BOTHELL, Wash. and VANCOUVER, British Columbia, April 27, 2015 /PRNewswire/ -- OncoGenex Pharmaceuticals, Inc. (NASDAQ: OGXI) today announced that its wholly owned subsidiary, OncoGenex Technologies Inc., executed a termination agreement with Teva Pharmaceuticals Ltd. (NYSE: TEVA) under which OncoGenex will regain rights to custirsen, an investigational compound currently in Phase 3 clinical development as a treatment for prostate and lung cancers. This transfer of rights occurs in connection with the termination of the 2009 collaboration agreement between OncoGenex and Teva.
"OncoGenex is excited to move forward with the clinical investigation of custirsen in patients with advanced cancers who desperately need new treatment options," said Scott Cormack, President and CEO of OncoGenex. "The finalization of this agreement gives OncoGenex control of custirsen's development, including the ability to move forward with plans to modify the ENSPIRIT trial design and statistical analysis plan to enable the trial to continue with fewer patients, increased confidence in success and shorter time to regulatory submission."
The agreement between the two parties to terminate the collaboration includes a $23.2 million payment from Teva.
This payment reflects a $27 million advance reimbursement amount less $0.8 million for expenses incurred by Teva in 2015 prior to the termination date as well as a $3 million holdback amount that may be used to settle additional expenses incurred by Teva related to the continued development of custirsen as well as certain indemnity claims. One half of the then remaining balance of the holdback amount will be released to OncoGenex in October 2015 with a further half of the then remaining amount paid in January 2016. Any final remaining amount will be released in April 2016.
In addition, OncoGenex will take over responsibility for all custirsen expenses, including those related to the ENSPIRIT trial, as well as manufacturing and regulatory activities for custirsen programs that were previously managed by Teva.
The company recently reported that as of December 31, 2014, it had $47.1 million in cash, cash equivalents and short-term investments, excluding the advance reimbursement payment from Teva. OncoGenex expects that the $23.2 million payment from Teva and the Company's current resources should enable the completion of the AFFINITY trial through data readout in late 2015 or early 2016, allow for the continuation of the ENSPIRIT trial through the second interim futility analysis expected in mid-2015, and facilitate the achievement of key apatorsen clinical milestones, such as the completion of patient enrollment in the Borealis-2™ trial and final data from the Spruce™ and Rainier™ clinical trials.
Additional terms of the agreement with Teva can be found in the Company's Current Report on Form 8-K filed today and available at http://ir.oncogenex.com.

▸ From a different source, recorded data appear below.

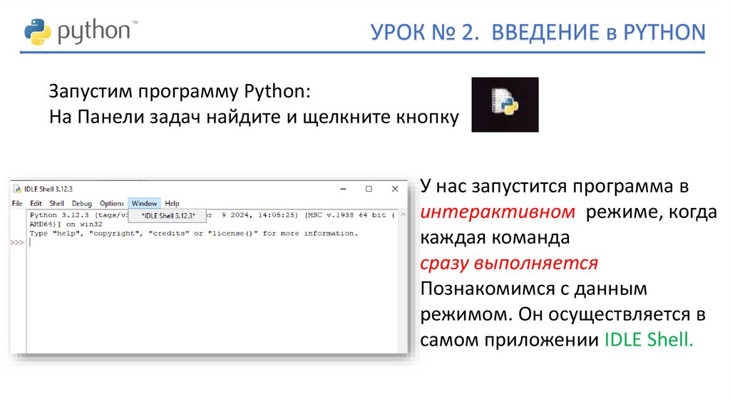 УРОК № 2. ВВЕДЕНИЕ в PYTHONЗапустим программу Python: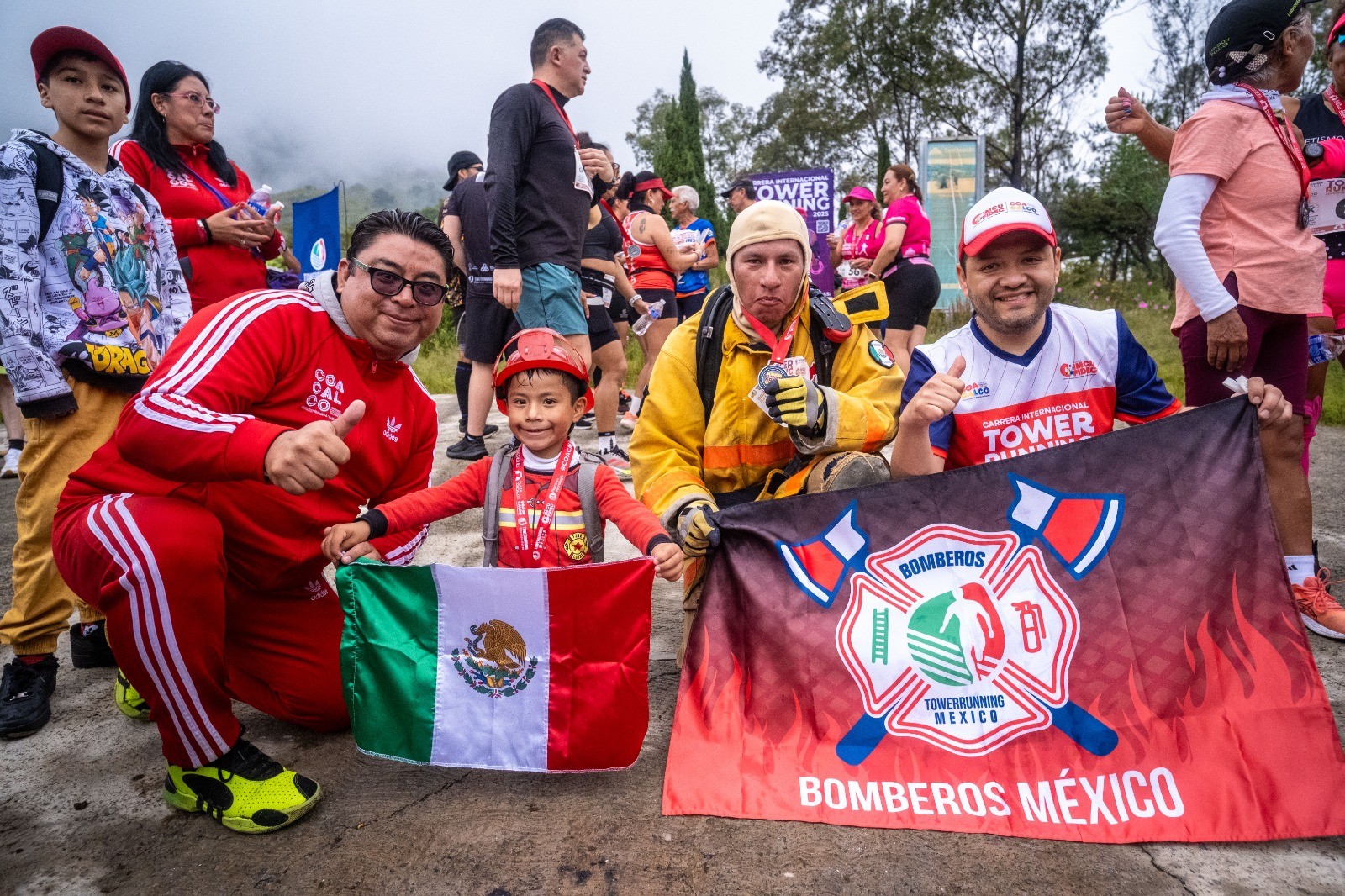 En un emotivo acto de compañerismo, los competidores se animaban mutuamente al cruzar la meta. Uno de los momentos más significativos fue protagonizado por un bombero del Estado de México, quien completó el recorrido portando su equipo de trabajo. Al llegar, lo esperaba su familia con entusiasmo y orgullo.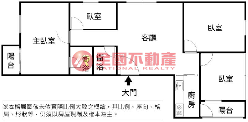 ※本格局圖係未依實際比例繪製之概繪圖。其比例、座向、格局、形狀等,仍須以房屋現場為準。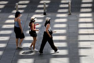 (250703) -- SEVILLA, 3 julio, 2025 (Xinhua) -- Imagen del 2 de julio de 2025 de personas caminando con una...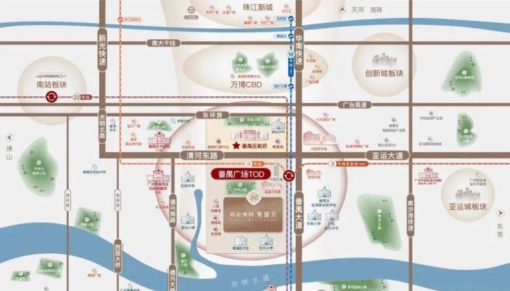 广州惟一双高速地铁区域。项目距离地铁番禺广场站约 900 米距离,囊括3号线、3号线东延段(在建中),已开通的广州地铁 3 号线、18 号线、22 号线,未来规划有广州地铁 17 号线,5 轨汇聚于此,如此便捷的交通路网是其他板块难以比拟。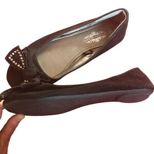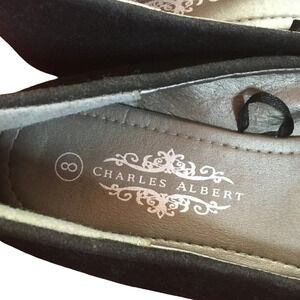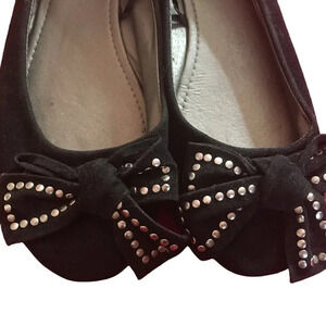 Charles Albert Flats, Size 8, Black Faux Suede, Studded Bows, Like New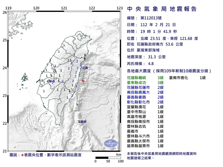 【記者陳明萱/台北報導】今19時01分在台灣東部海域發生規模4.8地震,震央約在花蓮縣政府南方53.6公里,深度約31.3公里,最大震度花蓮、台東3級。

Custirsen is an experimental drug that is designed to block the production of the protein clusterin, which may play a fundamental role in cancer cell survival and treatment resistance. Clusterin is upregulated in tumor cells in response to treatment interventions such as chemotherapy, hormone ablation and radiation therapy and has been found to be overexpressed in a number of cancers, including prostate, lung, breast and bladder. Increased clusterin production has been linked to faster rates of cancer progression, treatment resistance and shorter survival duration. By inhibiting clusterin, custirsen is designed to alter tumor dynamics, slowing tumor growth and resistance to partner treatments, so that the benefits of therapy, including survival, may be extended.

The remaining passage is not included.